What is Radar Cross Section?
Radar cross section is the electromagnetic equivalent of a target's visual size. Formally, it is the area of a perfectly reflecting sphere that would return the same power as the actual target. A large commercial aircraft might have σ = 100 m², while a stealth fighter can achieve σ = 0.001 m² — a 50 dB (100,000×) difference that translates to a 17× reduction in detection range. Understanding and controlling RCS is fundamental to both radar design and stealth technology.
Scattering Regimes
Target RCS behavior depends on the electrical size parameter ka = 2πa/λ. In the Rayleigh region (ka << 1), the target is much smaller than the wavelength and RCS scales as (ka)⁴ — a strong frequency dependence that makes low-frequency radar nearly blind to small objects. In the resonance region (ka ≈ 1), creeping waves circling the target create complex interference patterns. In the optical region (ka >> 1), RCS approaches the physical cross section and is dominated by specular reflections from surfaces perpendicular to the radar line of sight.
Stealth Design Principles
Reducing RCS is the foundation of stealth technology. The primary technique is shaping: flat surfaces are angled to deflect energy away from the transmitter, edges are aligned to concentrate scattered energy into a few narrow angular sectors, and curved surfaces are used where possible to spread reflections. Radar-absorbing materials provide additional 10–20 dB reduction by converting electromagnetic energy into heat. Modern stealth aircraft combine these approaches to reduce RCS by 30–40 dB across threat radar bands.

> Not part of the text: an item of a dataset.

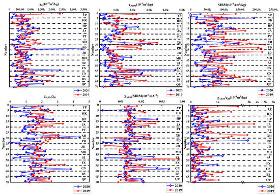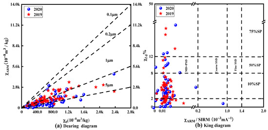 The ratio of the magnetic parameters mainly reflects the grain size of the magnetic minerals. The ratios of χARM/χlf and χARM/SIRM can signify the grain size of magnetic minerals, which decrease with the increase in grain size [27]. χARM/χlf indicates the size of ferromagnetic mineral particles, with higher ratios reflecting more SSD particles and lower ratios indicating more MD or superparamagnetic particles (SP) [26,36]). χARM/SIRM also indicates the particle size variation of magnetic particles, with lower ratios reflecting more PSD and MD particles [37]. The mean values of χARM/χlf are 1.950 in 2019 and 1.437 in 2020. The difference between the χARM/χlf values before and after the COVID-19 outbreak is slight, showing the particle size in 2020 as slightly coarser than that in 2019. In addition, the χARM/χlf values of the dustfall are significantly lower than the background value (3.550) [31], indicating that the grain size of the magnetic particles in the dustfall is significantly coarser. In addition, the mean values of χARM/SIRM are 0.015 × 10−3 m/A in 2019 and 0.222 × 10−3 m/A in 2020, both of which are lower than the background value (0.240 × 10−3 m/A) [31]. In conclusion, the mean values of χARM/χlf and χARM/SIRM of the samples are less than 10 and 0.50 × 10−3 m/A, respectively, indicating that the ferrimagnetic minerals are dominated by PSD and coarser MD grains in the study area.

RCS Measurement and Prediction
RCS is measured on outdoor ranges, in anechoic chambers, or on compact ranges using scaled models. Computational electromagnetics — method of moments, physical optics, finite-difference time-domain — can predict RCS for complex targets, though full-wave methods for electrically large objects remain computationally challenging. The aspect-angle dependence of RCS creates characteristic signatures used in non-cooperative target recognition.